Cho et al. ‘describe a protocol for large-scale genome-wide analysis that facilitates quality control and population stratification correction […] while maintaining the confidentiality of underlying genotypes and phenotypes. […] This approach may help to make currently restricted data available to the scientific community and could potentially enable secure genome crowdsourcing, allowing individuals to contribute their genomes to a study without compromising their privacy.’
In this preprint, Bonte et al. describe both a homomorphic encryption approach and a secure multiparty computation approach and provide efficient implementations.
Jagadeesh et al. encode an individuals functional variants as a binary vector. They then use Yao’s protocol to identify relevant coincidences between pools of such vectors engaging in secure multiparty computation.
Çetin et al. present ‘a novel string matching protocol to enable privacy-preserving queries on homomorphically encrypted data. [Their] protocol combines state-of-the-art techniques from homomorphic encryption and private set intersection protocols to minimize the computational and communication cost.’
The authors ‘propose a novel approach that combines efficient string data structures such as the Burrows–Wheeler transform with cryptographic techniques based on additive homomorphic encryption. [They] assume that the sequence data is searchable in efficient iterative query operations over a large indexed dictionary, for instance, from large genome collections and employing the (positional) Burrows–Wheeler transform. [They] use a technique called oblivious transfer that is based on additive homomorphic encryption to conceal the sequence query and the genomic region of interest in positional queries.’

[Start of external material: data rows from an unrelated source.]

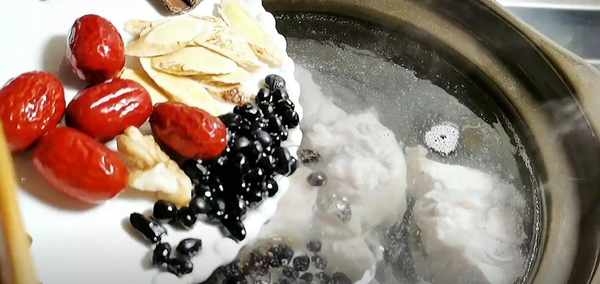 4、在另外一口砂鍋中燒水,把焯過水的豬尾巴,還有前面準備的6種材料,給它全部倒入鍋中,這些藥材都有補腎的作用,也有黑發的作用,水開後撇去浮沫,蓋上鍋蓋,小火煲一個半小時。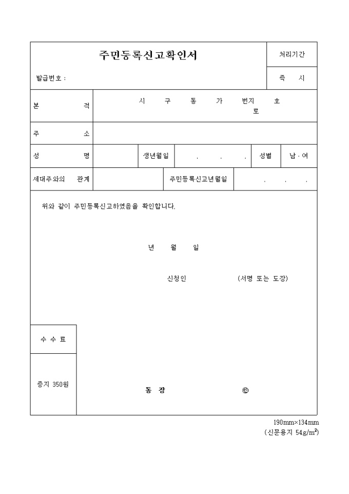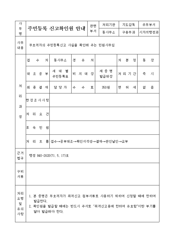9,000원/월무호적자의 주민등록신고 사실을 확인하고자 할 때 사용하는 주민등록신고 확인서 양식입니다.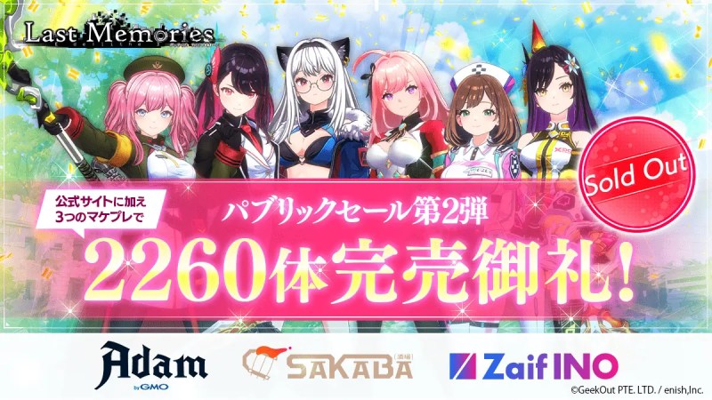 株式会社enish(本社:東京都港区、代表取締役社長:安徳孝平、以下enish)は、「GEEKOUT PTE. LTD.(本社:シンガポール、代表取締役CEO嶋瀬 宏)」と連携し、開発中のモバイルゲームクオリティのブロックチェーンゲーム『De:Lithe Last Memories(ディライズ ラストメモリーズ)』について、5月9日より実施していたパブリックセールにおいて、先日の「公式特設販売サイト」に続き、「Adam byGMO」、「Sakaba」、「Zaif INO」の全販売所で、限定販売したNFTドール2260体が完売したことをお知らせします。

Lu et al. ‘propose encryption of all genotype and phenotype data. To allow the cloud to perform meaningful computation in relation to the encrypted data, [they] use a fully homomorphic encryption scheme. Noting that [they] can evaluate typical statistics for GWAS from a frequency table, [their] solution evaluates frequency tables with encrypted genomic and clinical data as input. [They] propose to use a packing technique for efficient evaluation of these frequency tables.’
Truncated hash values of haplotype segments are used as privately known ‘genome sketches’. These serve as fuzzy extractors to decode publicly known ‘secure genome sketches’ revealing information only between related individuals.